AIM OF THE EXERCISE:
Your task is to return the listing below word for word, without any of its images.

INFORMATION SUPPLIED:

*** Begin section ***

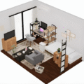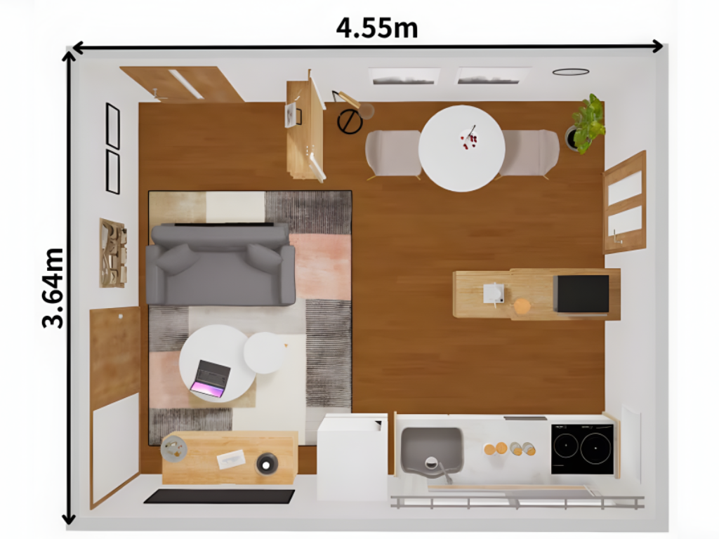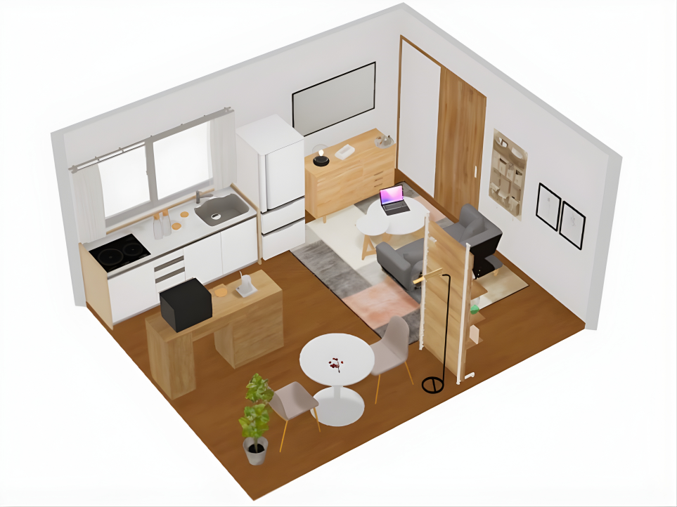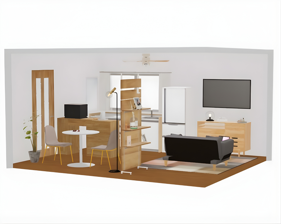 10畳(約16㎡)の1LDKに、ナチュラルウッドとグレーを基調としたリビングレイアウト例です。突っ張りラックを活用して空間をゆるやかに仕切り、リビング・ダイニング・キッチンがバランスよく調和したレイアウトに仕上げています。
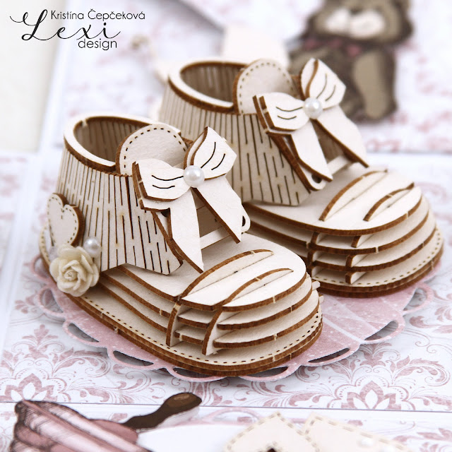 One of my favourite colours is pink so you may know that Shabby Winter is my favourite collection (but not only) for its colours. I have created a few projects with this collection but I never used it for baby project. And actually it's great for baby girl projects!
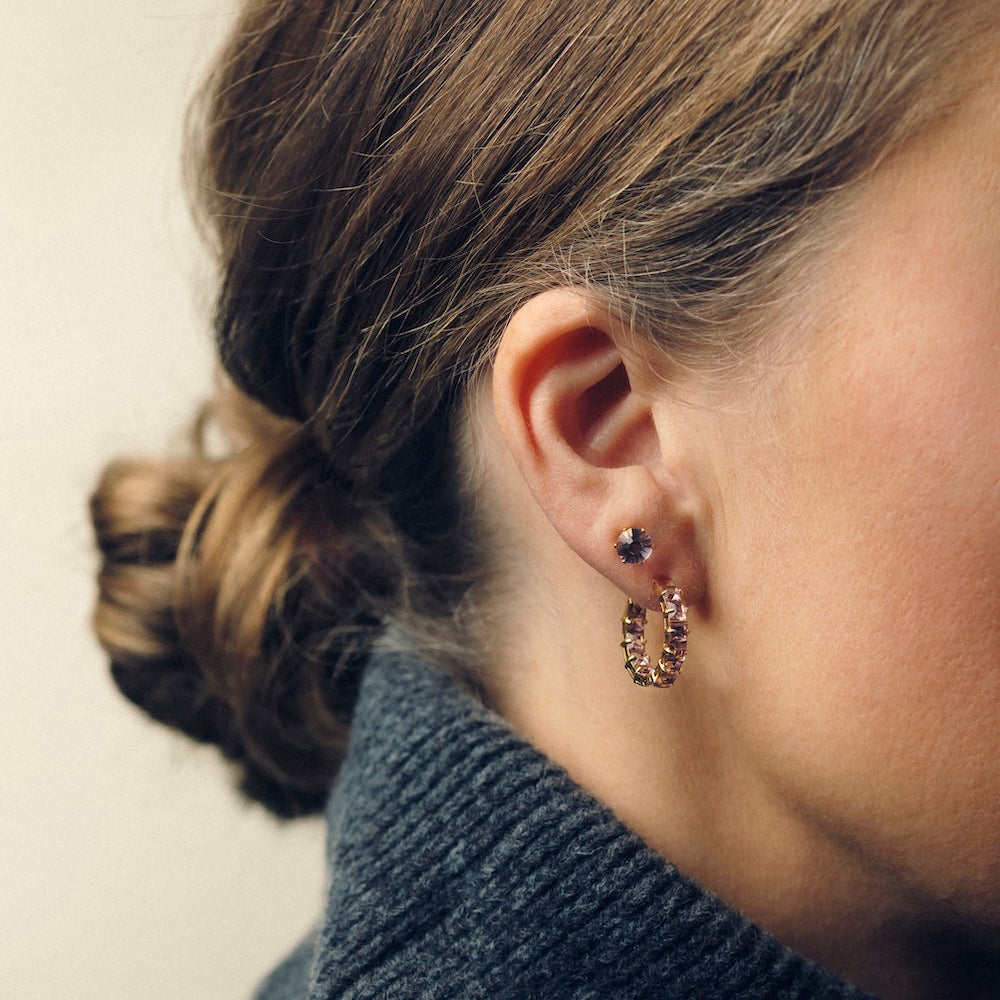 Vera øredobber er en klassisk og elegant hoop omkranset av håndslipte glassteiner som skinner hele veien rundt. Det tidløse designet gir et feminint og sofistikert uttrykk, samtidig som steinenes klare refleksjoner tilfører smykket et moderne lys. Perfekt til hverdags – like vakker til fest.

*** End section ***

ANSWER TO THIS PROBLEM:
 10畳(約16㎡)の1LDKに、ナチュラルウッドとグレーを基調としたリビングレイアウト例です。突っ張りラックを活用して空間をゆるやかに仕切り、リビング・ダイニング・キッチンがバランスよく調和したレイアウトに仕上げています。
 One of my favourite colours is pink so you may know that Shabby Winter is my favourite collection (but not only) for its colours. I have created a few projects with this collection but I never used it for baby project. And actually it's great for baby girl projects!
 Vera øredobber er en klassisk og elegant hoop omkranset av håndslipte glassteiner som skinner hele veien rundt. Det tidløse designet gir et feminint og sofistikert uttrykk, samtidig som steinenes klare refleksjoner tilfører smykket et moderne lys. Perfekt til hverdags – like vakker til fest.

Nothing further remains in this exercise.